* _Dataset content_
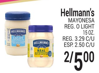 Hellmann's Mayonesa Reg. o Light 15 oz.
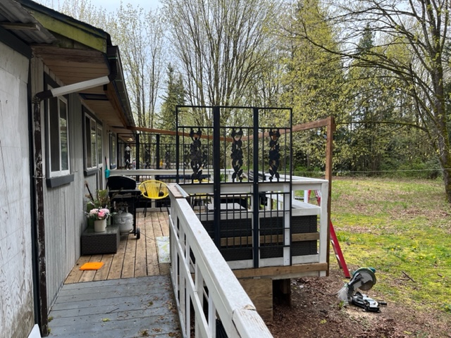 I used 2x4s to build the frame and attached it to the railings. There is not a lot of weight. Normally thicker posts and joists would be recommended.
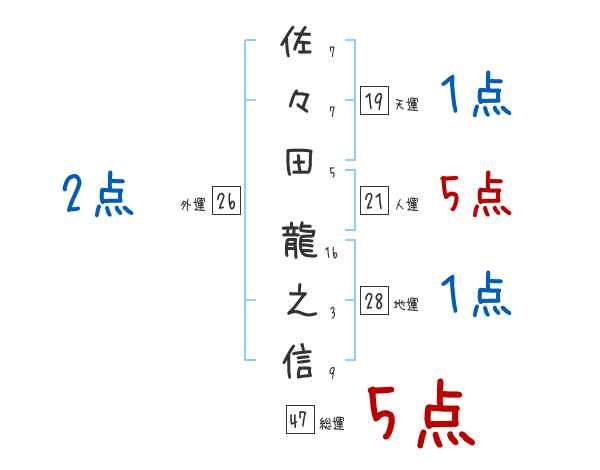 総運![]() | 佐々田龍之信さんの総運は47画の5つ星!実力が開花し発展する円満な人生。財に恵まれる。 あなたの人生を表す1番重要な運勢です。生涯を通じて影響する総合運となり、主に50歳以降の晩年期に影響を及ぼします。 |
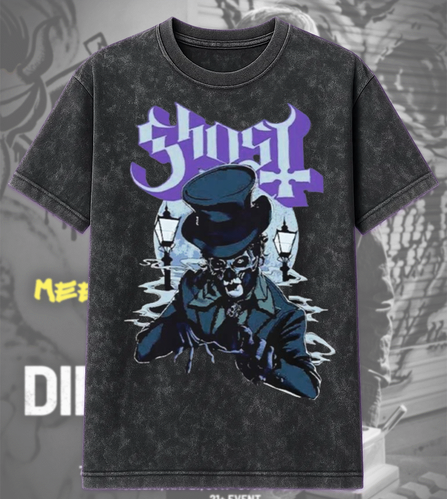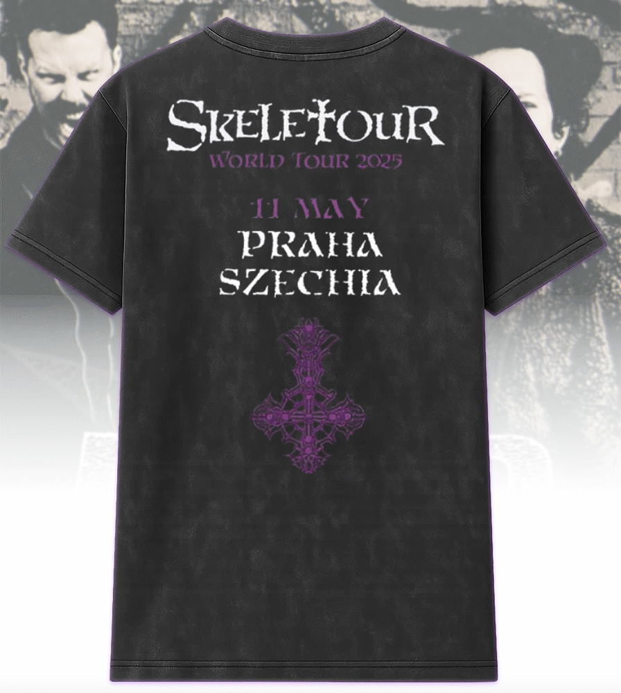 Celebrate Ghost’s chilling Skeletour World Tour stop in Praha, Czechia on May 11, 2025 with this rare acid wash edition apparel — available as a double-sided T-shirt or hoodie. Born from the exclusive pop-up shop event, this limited edition drop brings together gothic flair and timeless rock aesthetics.
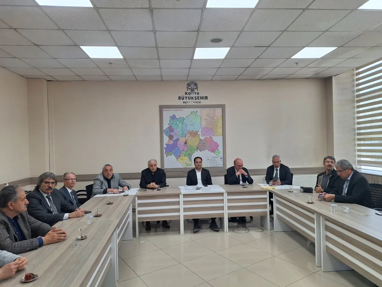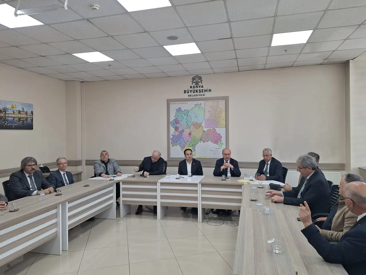 Konya Büyükşehir Belediyesi’nde düzenlenen toplantıya; Akşehir Belediye Başkanı Nuri Köksal, Ereğli Belediye Başkanı Umut Akpınar, Tuzlukçu Belediye Başkanı Nurettin Akbuğa ve Cihanbeyli Belediye Başkanı Fırat Kızılkaya ile birlikte Büyükşehir Belediye Meclis üyeleri katıldı.

* _Work request_
Each line from the one with "Celebrate Ghost’s chilling" to the last line of the listing should be returned exactly, both ends included, and no picture with them.

* _Written solution_
 Celebrate Ghost’s chilling Skeletour World Tour stop in Praha, Czechia on May 11, 2025 with this rare acid wash edition apparel — available as a double-sided T-shirt or hoodie. Born from the exclusive pop-up shop event, this limited edition drop brings together gothic flair and timeless rock aesthetics.
 Konya Büyükşehir Belediyesi’nde düzenlenen toplantıya; Akşehir Belediye Başkanı Nuri Köksal, Ereğli Belediye Başkanı Umut Akpınar, Tuzlukçu Belediye Başkanı Nurettin Akbuğa ve Cihanbeyli Belediye Başkanı Fırat Kızılkaya ile birlikte Büyükşehir Belediye Meclis üyeleri katıldı.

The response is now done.